**EXERCISE DIRECTIONS:**
The records below are to be transcribed exactly from their first line to the line that has "Sold outBronze Brown", inclusive, with every picture omitted.

**DATA SHOWN:**
━━━━━━
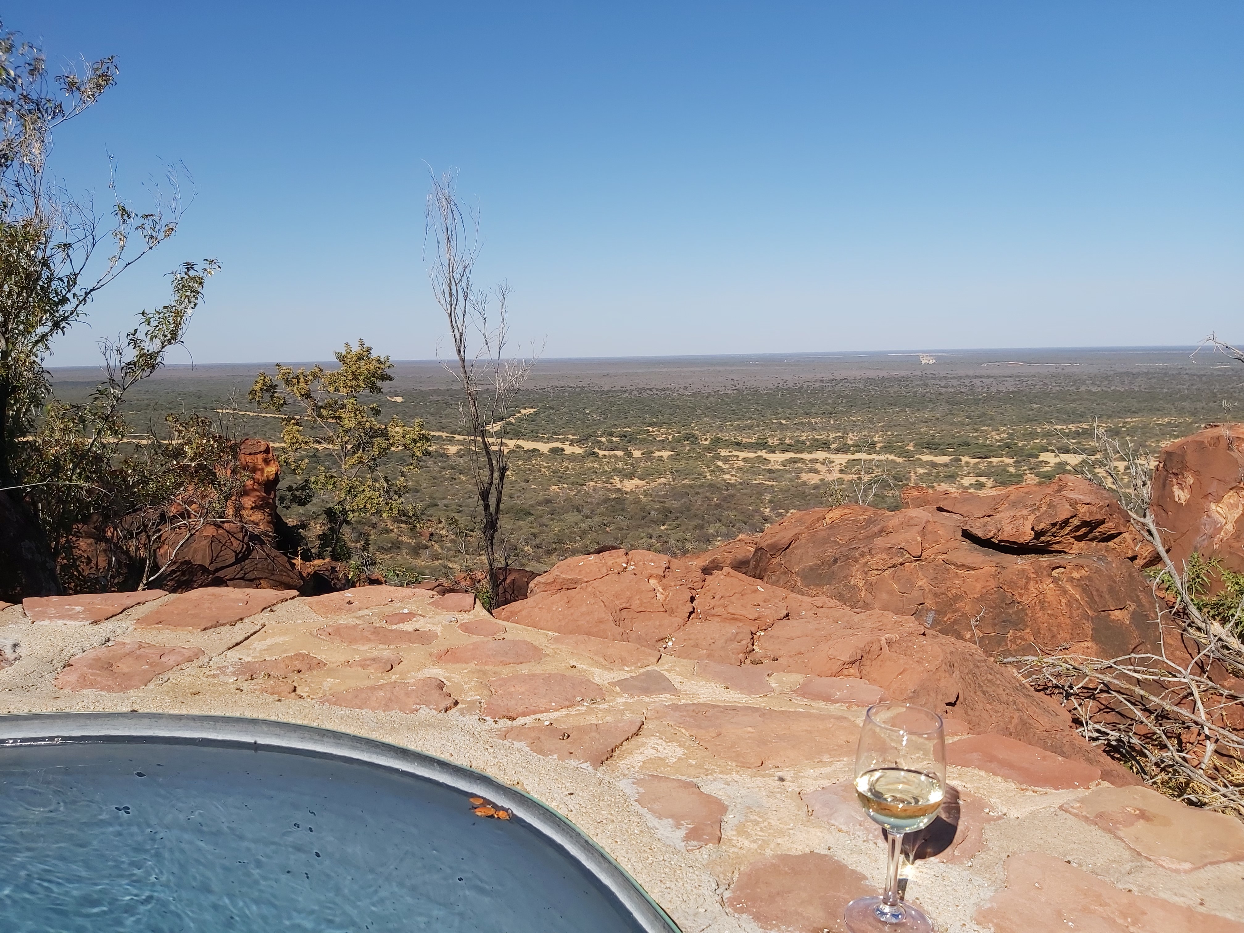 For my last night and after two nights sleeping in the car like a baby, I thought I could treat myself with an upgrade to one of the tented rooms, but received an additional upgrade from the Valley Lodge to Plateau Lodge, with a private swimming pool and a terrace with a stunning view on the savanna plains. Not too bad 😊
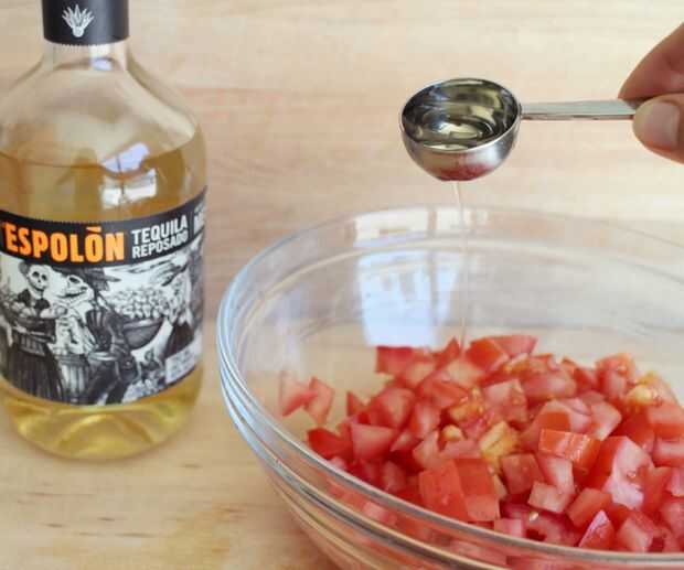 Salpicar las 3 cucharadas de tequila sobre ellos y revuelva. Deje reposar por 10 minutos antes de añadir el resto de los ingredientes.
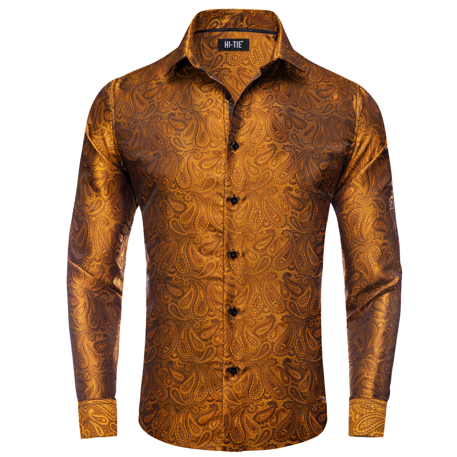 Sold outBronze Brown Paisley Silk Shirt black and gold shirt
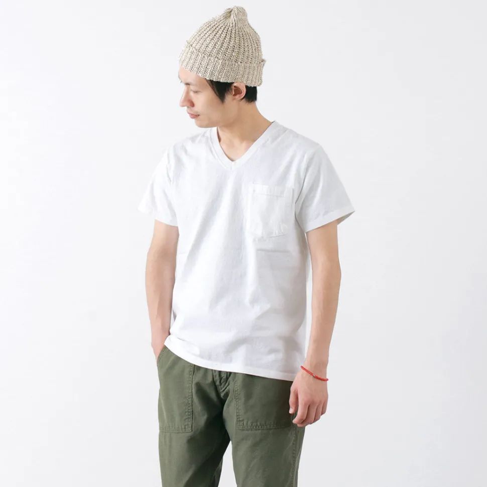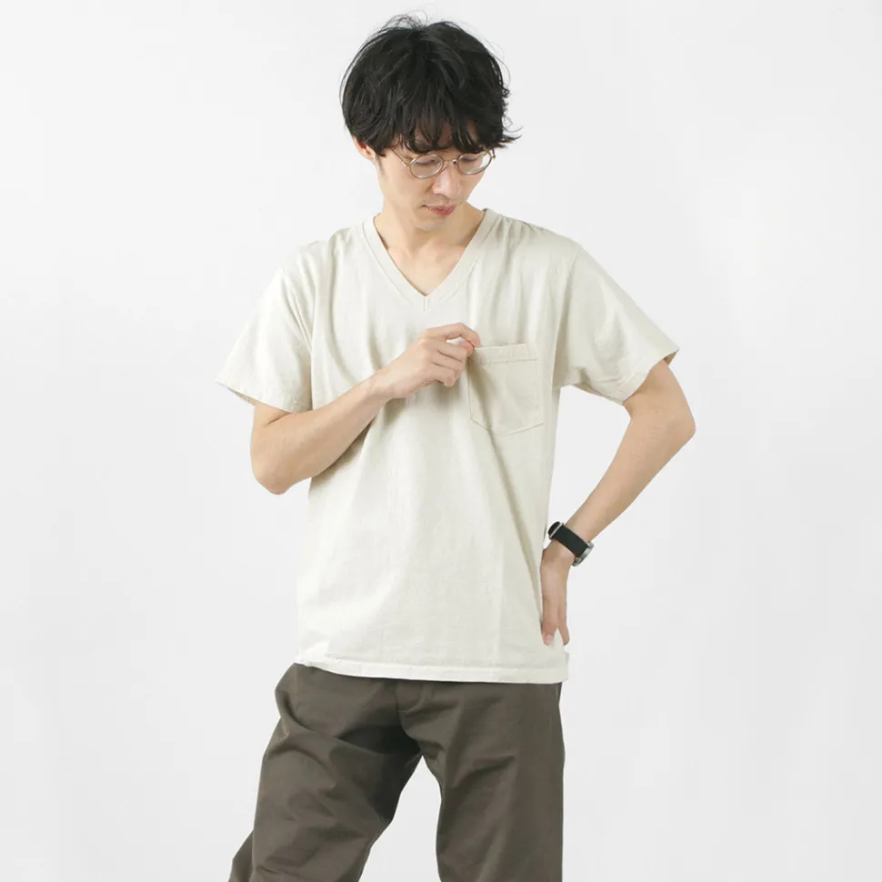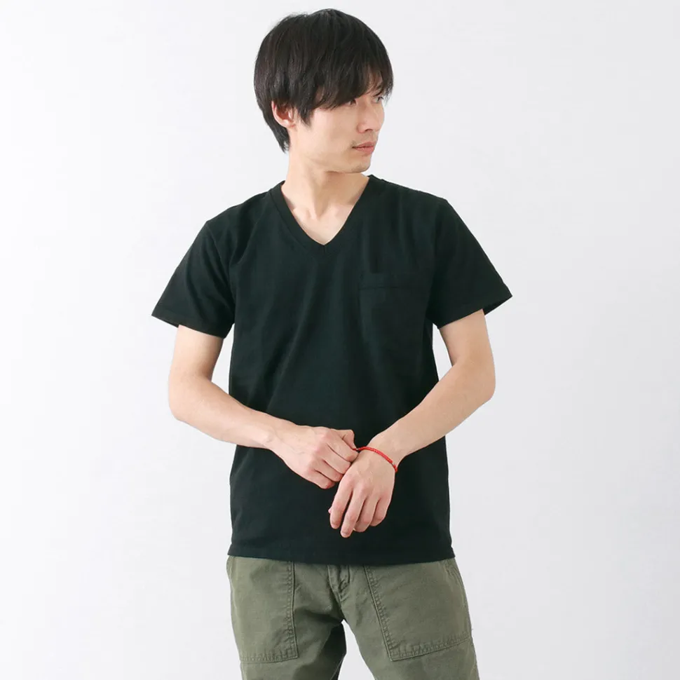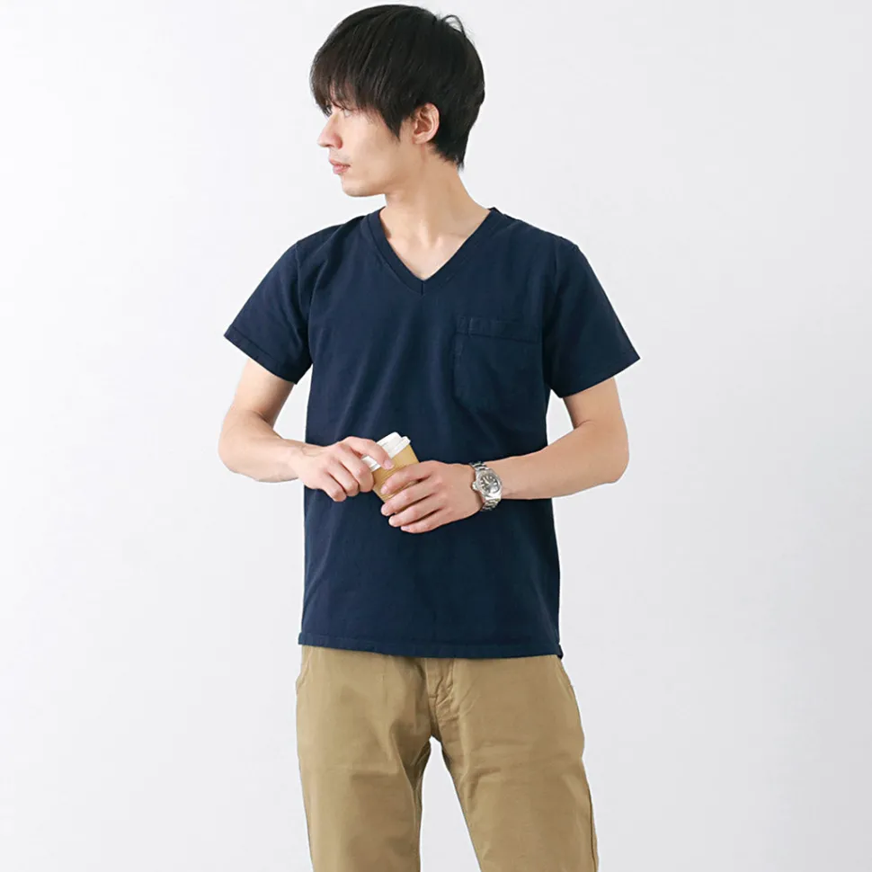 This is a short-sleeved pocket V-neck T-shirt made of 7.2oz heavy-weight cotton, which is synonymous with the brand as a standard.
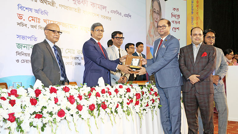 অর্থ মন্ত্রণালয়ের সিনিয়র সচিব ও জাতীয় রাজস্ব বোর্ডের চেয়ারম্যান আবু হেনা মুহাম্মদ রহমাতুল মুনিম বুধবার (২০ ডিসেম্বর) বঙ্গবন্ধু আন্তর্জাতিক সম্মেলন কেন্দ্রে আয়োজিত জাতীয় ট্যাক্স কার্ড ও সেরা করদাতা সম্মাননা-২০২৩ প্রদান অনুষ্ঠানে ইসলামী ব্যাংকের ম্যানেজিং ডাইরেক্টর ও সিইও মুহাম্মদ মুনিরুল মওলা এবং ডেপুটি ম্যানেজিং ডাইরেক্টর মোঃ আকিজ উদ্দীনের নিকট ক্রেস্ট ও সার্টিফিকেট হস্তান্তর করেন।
━━━━━━
**OUTPUT FOR THIS TASK:**
 For my last night and after two nights sleeping in the car like a baby, I thought I could treat myself with an upgrade to one of the tented rooms, but received an additional upgrade from the Valley Lodge to Plateau Lodge, with a private swimming pool and a terrace with a stunning view on the savanna plains. Not too bad 😊
 Salpicar las 3 cucharadas de tequila sobre ellos y revuelva. Deje reposar por 10 minutos antes de añadir el resto de los ingredientes.
 Sold outBronze Brown Paisley Silk Shirt black and gold shirt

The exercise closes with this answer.